Stretching OAuth2 scopes beyond intended usage leads to trouble in complex architectures.
TL;DR: Scopes only come into play in delegation scenarios, and always limit what an app can do on behalf of a user: a scope cannot allow an application to do more than what the user can do.
Although stretching scopes beyond that usage is possible, it isn’t trivial or natural – contrary to what common naïve narratives would want you to believe.
OAuth2 scopes are misunderstood. Developers are victim of the “man with a hammer” syndrome here — scopes are the only primitive defined in OAuth2 that has something to do with authorization, and as a result people use them in every authorization scenario — even the ones for which they weren’t conceived. Just like Newtonian laws are enough to tackle simple problems, the same can be said for those naïve uses of scopes — but as soon as architectures get more complicated, people discover (often painfully) that they need to rethink things in quantum terms to get out of trouble.
It certainly doesn’t help that protocol specs aren’t too prescriptive on this point — a common ailment in OAuth2 — but a deeper read usually helps to clarify things. Circumstantial evidence/spec intent and context on one side, “laws of physics” on the other leave little room for interpretation.
Let me stress: most misunderstandings I discuss here come from legitimate authorization requirements; scopes just happen to be the wrong artifact to carry them. If anything, this points to the need for more prescriptive guidance on the matter (for a primer, see Jared Hanson’s session at Identiverse).
Here’s an extra note to clarify further what I am trying to do here, given that I expect some people will push back hard when their beliefs are challenged.
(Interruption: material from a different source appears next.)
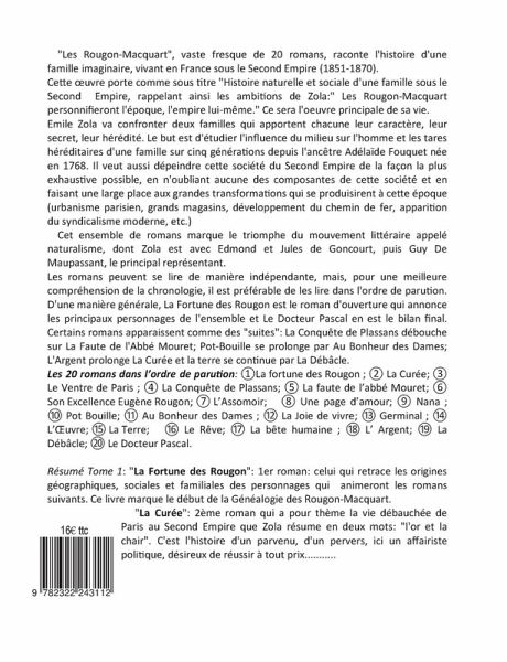 "Les Rougon-Macquart", vaste fresque de 20 romans, raconte l'histoire d'une famille imaginaire, vivant en France sous le Second Empire (1851-1870).Cette oeuvre porte comme sous titre "Histoire naturelle et sociale d'une famille sous le Second Empire, rappelant ainsi les ambitions de Zola:" Les Rougon-Macquart personnifieront l'époque, l'empire lui-même." Ce sera l'oeuvre principale de sa vie.Emile Zola va confronter deux familles qui apportent chacune leur caractère, leur secret, leur hérédité. Le but est d'étudier l'influence du milieu sur l'homme et les tares héréditaires d'une famille sur cinq générations depuis l'ancêtre Adélaïde Fouquet née en 1768. Il veut aussi dépeindre cette société du Second Empire de la façon la plus exhaustive possible, en n'oubliant aucune des composantes de cette société et en faisant une large place aux grandes transformations qui se produisirent à cette époque (urbanisme parisien, grands magasins, développement du chemin de fer, apparition du syndicalisme moderne, etc.)Cet ensemble de romans marque le triomphe du mouvement littéraire appelé naturalisme, don t Zola est avec Edmond et Jules de Goncourt, puis Guy De Maupassant, le principal représentant.Les romans peuvent se lire de manière indépendante, mais, pour une meilleure compréhension de la chronologie, il est préférable de les lire dans l'ordre de parution. D'une manière générale, La Fortune des Rougon est le roman d'ouverture qui annonce les principaux personnages de l'ensemble et Le Docteur Pascal en est le bilan final. Certains romans apparaissent comme des "suites": La Conquête de Plassans débouche sur La Faute de l'Abbé Mouret; Pot-Bouille se prolonge par Au Bonheur des Dames; L'Argent prolonge La Curée et la terre se continue par La Débâcle.Résumé Tome 1:"La Fortune des Rougon": 1er roman: celui qui retrace les origines géographiques, sociales et familiales des personnages qui animeront les romans suivants. Ce livre marque le début de la Généalogie des Rougon-Macquart."La Curée": 2ème roman qui a pour thème la vie débauchée de Paris au Second Empire que Zola résume en deux mots: "l'or et la chair". C'est l'histoire d'un parvenu, d'un pervers, ici un affairiste politique, désireux de réussir à tout prix...........

Like everything that doesn’t really exist in ground reality, the semantic of scopes is entirely in our head: a consensual hallucination where we all agree on the meaning of the term — hence formally you are free to refuse the entire premise of this post and use “scope” to mean whatever you like. The main selection criteria I am using here is, what’s the choice of meaning that will be best conducive of us “thinking good thoughts,” as in taking decisions that will make our solutions work reliably? That’s a terribly relative, very arbitrary thing to establish — one that doesn’t scale linearly. Heuristic for prime numbers is super handy and we could embrace it, but if we need to work beyond a certain number it will stop working: our intended range determines whether the heuristic takes care of our needs, or it’s a dangerous oversimplification that will force us to backtrack and rip out a lot of logic in the process. Same with scopes: we can hold on to simplified views and revel in their apparent neatness, and feel the burn when we go beyond trivial cases and start having to architect serious shit.
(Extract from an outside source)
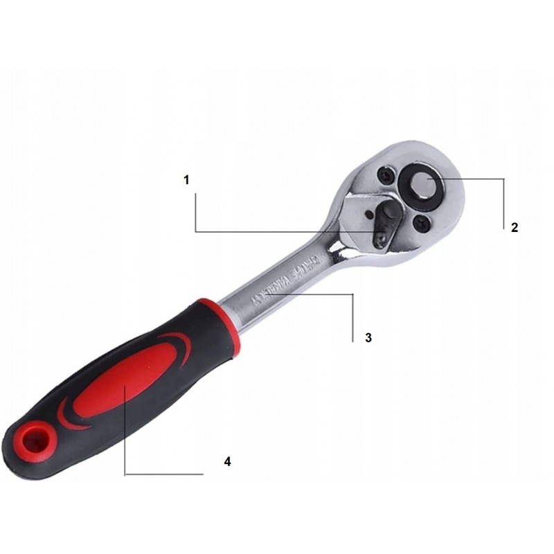 Grzechotka idealnie dopasowana do kluczy nasadowych i narzędzi. Posiada zatrzask kulowy, który pełni ważną funkcję bezpieczeństwa podczas prac montażowych, ponieważ zapewnia pewne osadzenie kluczy nasadowych oraz osprzętu

To all intents and purposes, scopes didn’t really exist before OAuth. The quintessential use case OAuth was devised for is a simple scenario, which has been presented ad nauseam already. LinkedIn asks for your Gmail password so it can use it to log in as you in Gmail, programmatically harvest your contacts (via API/scraping/etc) and spread itself; but knowledge of your Gmail password allows LinkedIn to do far more than that (e.g. sending mails on your behalf, read your messages, etc) and put the secrecy of your credentials at risk.
OAuth shows up, devises a mechanism for LinkedIn to ask Gmail just for the action it requires (access contacts) and nothing else — and makes all this possible without ever sharing with LinkedIn your gmail credentials. Done. Scopes happen to be the primitive that OAuth2 introduced for allowing LinkedIn to request delegated access to your Gmail’s contacts, to the exclusion of everything else. Intent clear and mission accomplished, right?
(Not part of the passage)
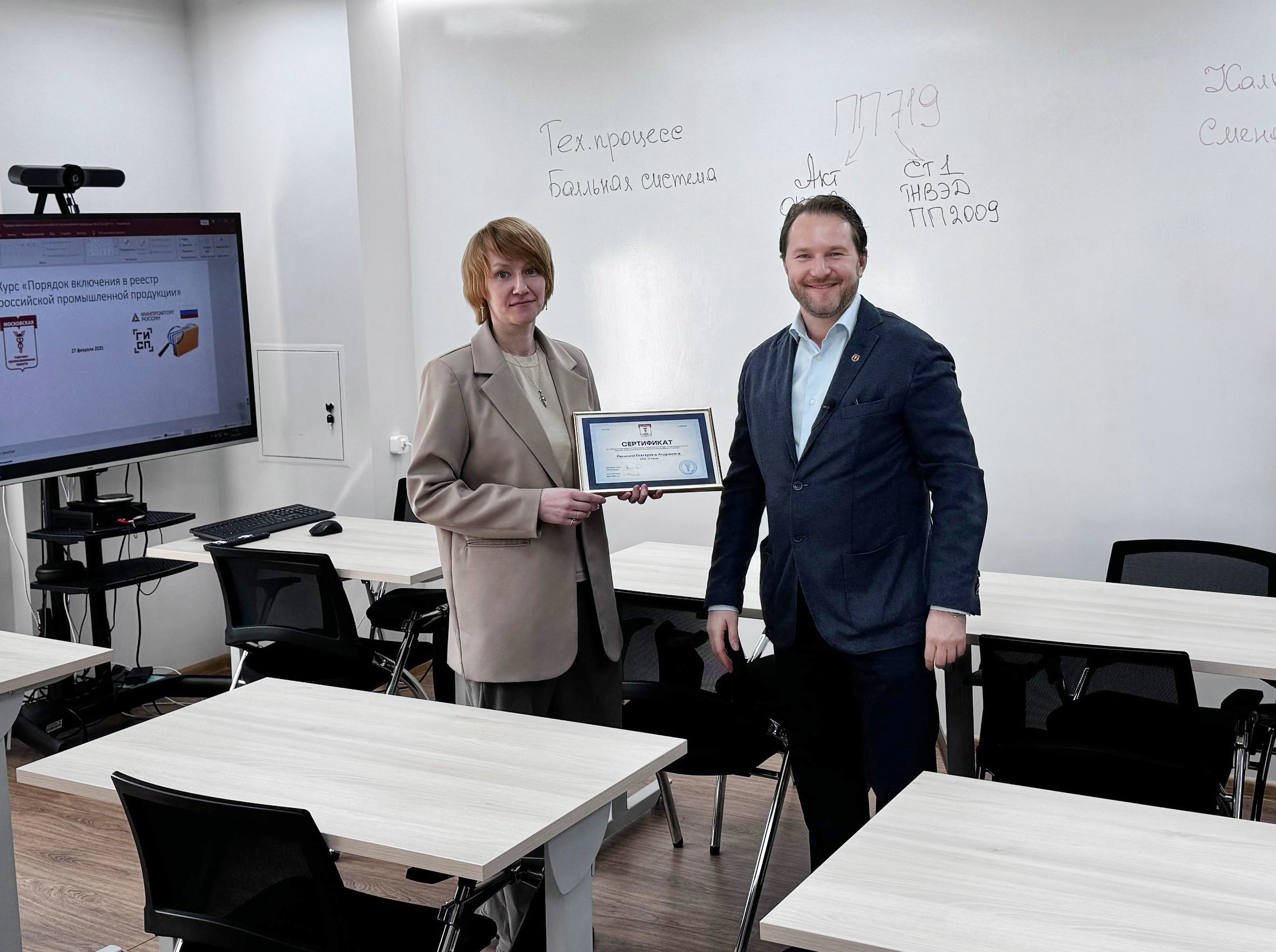 Слушатели первого потока специального учебного курса Московской ТПП «Правовые и технические аспекты включения в реестр по Постановлению Правительства РФ от 17.07.2015 № 719» получили сертификаты об успешном завершении учебы.

To me, that would be enough to demonstrate my thesis (scopes only come into play in delegation scenarios, and always limit what an app can do on behalf of a user; they are not meant to grant the application permissions outside of the privileges the delegated user already possesses). However, I know that this scenario alone won’t be enough to convince everyone: a classic objection is “fine, that might have been the original intent, but that doesn’t mean that they can’t be successfully used for more scenarios!.” Fair. Let’s dig deeper and explore more ramifications.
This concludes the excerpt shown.